→ **Problem to solve**: A verbatim transcript of the data that follows, free of images, is the expected result.

→ **Collected data**:
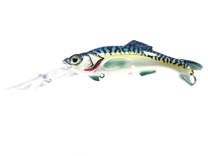 Worden's Sea Tiger 4050 MAC Mackerel Salesmen Sample. Worden's flagship Sea-Tow wobbler lure. This almost 9" saltwater or large freshwater game fish bait has a maximum diving depth of 30' regardless of the speed. This lure provide plenty of action, appeal and sound thanks to its hyper realistic design and the large beads inside of the lure. The sample model unfortunately comes with a color code underneath the lip and has no hooks.
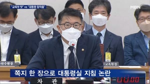 여 "교육부 탓" 야 "대통령 합작품"…'대통령실 지침' 쪽지 논란도 【 앵커멘트 】 초등학교 입학연령을 낮추는 학제개편안 추진에 대한 책임을 놓고 국회에서 여야가 격돌했습니다. 여당은 '교육부...진하기 어려워졌다는 판단을 하고 있습니다." 하지만, 섣부른 학제개편 추진을 둘러싼 책임공방은 이어졌습니다. 민주당은 윤석열 ... 22.08.09 19:01
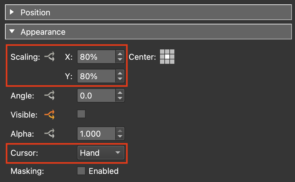 Appearance: Scaling: X: 8o% Y: 80%

→ **Your solution**:
 Worden's Sea Tiger 4050 MAC Mackerel Salesmen Sample. Worden's flagship Sea-Tow wobbler lure. This almost 9" saltwater or large freshwater game fish bait has a maximum diving depth of 30' regardless of the speed. This lure provide plenty of action, appeal and sound thanks to its hyper realistic design and the large beads inside of the lure. The sample model unfortunately comes with a color code underneath the lip and has no hooks.
 여 "교육부 탓" 야 "대통령 합작품"…'대통령실 지침' 쪽지 논란도 【 앵커멘트 】 초등학교 입학연령을 낮추는 학제개편안 추진에 대한 책임을 놓고 국회에서 여야가 격돌했습니다. 여당은 '교육부...진하기 어려워졌다는 판단을 하고 있습니다." 하지만, 섣부른 학제개편 추진을 둘러싼 책임공방은 이어졌습니다. 민주당은 윤석열 ... 22.08.09 19:01
 Appearance: Scaling: X: 8o% Y: 80%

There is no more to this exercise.